Superstorm Sandy in 2012 was the trigger for establishing the East Coast Resiliency Project, running 4km along the shoreline of Lower Manhattan. Hurricane Ida, which ravaged parts of the city this year, added further urgency.
During Sandy, which killed 44 city residents while impacting 110,000 more and leaving US$19 billion of damage, water levels rose more than 2.4m.
The completed wall will reach as high as 5m, said New York's acting Design and Construction Commissioner Tom Foley. The project will include gates to prevent water from seeping into Manhattan, home of the densest population in the United States.

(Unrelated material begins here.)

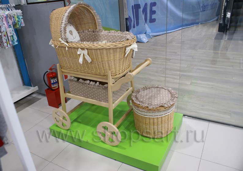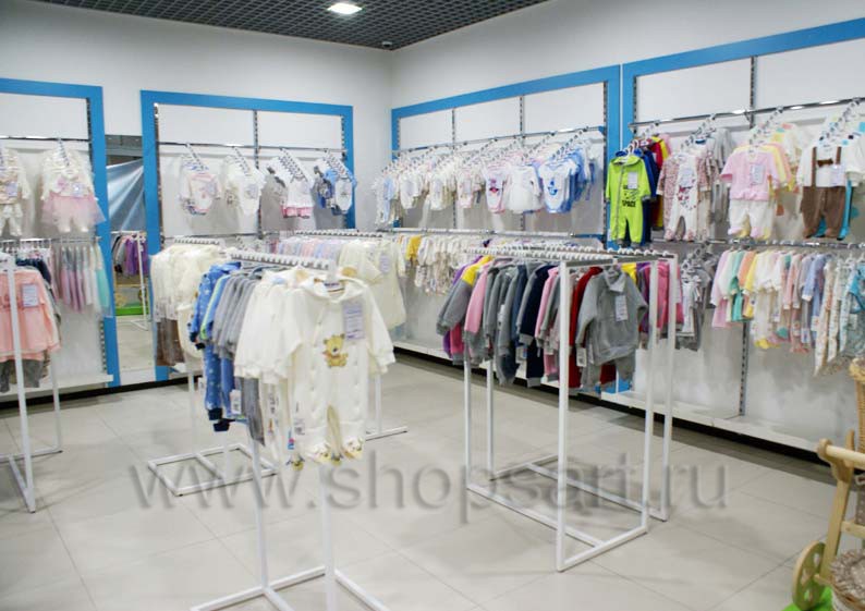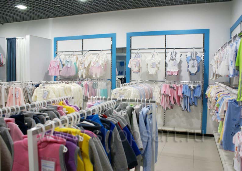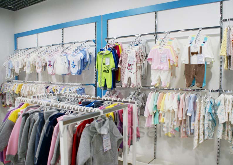 Детские товары маленьких размеров (например, шапочки, чепчики, носочки, белье для новорожденных и т.п.) можно красиво разложить в прилавках или на стеллажах.

The wall between 20th and 23rd streets is already up, an area where the East River and residential housing are at their narrowest.
Further down, where terrain allows, the project will include a hilly park as a protective wall, as well as a dock, an esplanade, bicycle lanes, benches and garden areas.
The city will also plant some 1,800 trees, and an additional 1,000 in the neighbourhoods, said Ms Sara Nielsen of the New York City Parks Department.
And a new underground drainage system will improve the sewage network's capacity, while the construction of a power substation should help prevent a days-long power loss such as one that happened during Sandy.
That major 2012 superstorm proved to be one of the worst to hit the US this century, along with Hurricane Katrina in 2005, which devastated New Orleans, and Hurricane Harvey, which lashed Houston in 2017.
But the project is far from enough: New York's approximately 800km of coastline faces forecasts of sea-level rise of more than 60cm by 2050 and nearly 1.8m by the end of the century.
Ms Jainey Bavishi, who directs the Mayor's Office of Climate Resilience, said the city is investing in a "multi-layered strategy".
"We are building coastal protections where possible to keep the water out - but we also recognise that we're not going to be able to keep the water out in all places," she said, explaining that the protections are built to be adaptable.
"So if the projections for sea-level rise and storm surge get worse than what we believe they are now, we can add elevation to the wall to add further protection."
Many buildings in Manhattan, along with crucial infrastructure, are also being reinforced, Ms Bavishi said, with construction limited in high-risk areas, and collaboration with residents and small businesses to minimise the impact of extreme weather events.
The East Coast Resiliency Project, meant to be completed by 2026, is just one component of a larger project announced in 2013, when the city revealed a nearly US$20 billion plan aimed at "climate resilience".
But that price tag is just a "down payment", Ms Bavishi said. "Resiliency is a process, not an outcome."